Aller au contenu

Page:Leblanc — Contes du soleil et de la pluie, parus dans L’Auto, 1902-1907.djvu/304

La bibliothèque libre.
Le texte de cette page a été corrigé et est conforme au fac-similé.

Elle fondit en larmes, la tête cachée entre ses mains. Elle ne voulait pas penser à cela, elle ne le voulait pas.

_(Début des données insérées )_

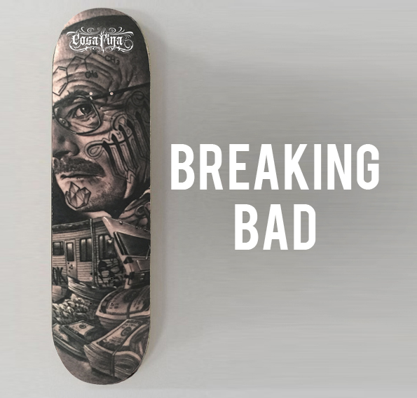 Tabla decorativa de la marca “Skateink designs” con diseño exclusivo del tatuaje de Breaking Bad realizado por el artista Carlos Fabra.

Quelques minutes s’écoulèrent.

Lentement Louise retourna près de la voiture et, montée sur le marchepied de gauche, elle examina Bernard en silence. Il ronflait maintenant, la bouche mi-ouverte, le visage rouge, le cou trop serré par son col.

Elle murmura :

— Bernard !

Puis, plus fort :

— Bernard !

Il ne se réveilla point.

Elle tressaillit. À son insu elle avait porté la main sur l’interrupteur. Eh bien, quoi ? Qu’est-ce que cela signifiait ? N’était-ce pas simplement un jeu, un passe-temps ? Si elle agissait ainsi, c’était pour voir, tout au plus. Que le contact fût établi, il ne s’ensuivait pas… Elle tourna le bouton. Le contact s’établit.

Aussitôt, rapidement, elle passa devant la voiture. Un coup de manivelle.

À moitié réveillé par les premières explosions, Bernard murmura :

— Qu’y a-t-il ?

— Rien… dors… je m’amuse… je vérifie la mise en marche.

Il se rendormit. Maintenant elle était à son côté, contre lui. Avec quelle angoisse elle la surveillait, les yeux fixés sur les paupières closes, comme si elle eût cherché à les clore irrémédiablement.

Elle ne pensait plus. Elle ne luttait plus. Elle obéissait. Des forces la contraignaient à certains gestes. Et ces gestes elle les accomplissait automatiquement. De la main gauche, lentement, mais avec une énergie surhumaine, elle pesa sur la pédale de débrayage. De la main droite elle poussa le levier de changement de vitesse.

Seulement alors elle eut conscience de ce qu’elle faisait. Et elle eût bien voulu, oui, vraiment, il lui semblait qu’elle eût voulu empêcher la chose de se produire.